Landau level spectroscopy in current solid state physics

TL;DR

Landau level spectroscopy is a crucial experimental technique in condensed matter physics for probing electronic properties and band structures of various materials using magnetic fields.

Contribution

This review summarizes the fundamentals of Landau level spectroscopy and highlights recent applications in novel materials like graphene and topological systems.

Findings

Enables precise measurement of effective mass and carrier density.

Provides insights into electron-quasiparticle interactions.

Extends to emergent systems with narrow or zero band gaps.

Abstract

Landau level spectroscopy plays an important role in modern condensed-matter physics. In this technique, electrons in a solid are subjected to quantizing magnetic fields and probed experimentally, often through optical methods.

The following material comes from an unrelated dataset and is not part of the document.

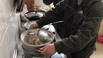回到班组已是下午1点多。师傅们放下工具,轮流来到二楼厨房,拿起锅铲又在厨房里忙碌起来。不一会儿,一道道香气四溢的热菜“火热出炉”。待外出抢修的师傅们陆续返回,班组的“年夜饭”正式开始。

Direct and detailed insights into the electronic properties of crystalline materials are obtained, particularly the properties related to their band structure. Landau level spectroscopy enables the precise extraction of key parameters such as effective mass, carrier density, mobility, and band gap, and serves as a powerful tool for studying interactions between electrons and other quasiparticles in solids. Over its more than seventy-year history, Landau level spectroscopy has been applied mainly to semiconductors and semimetals. Today, its scope also includes graphene-based systems, surface and bulk states in topological materials, and other emergent systems with a narrow or vanishing band gap. In this work, we review the fundamentals of Landau level spectroscopy and illustrate them with selected examples from the literature.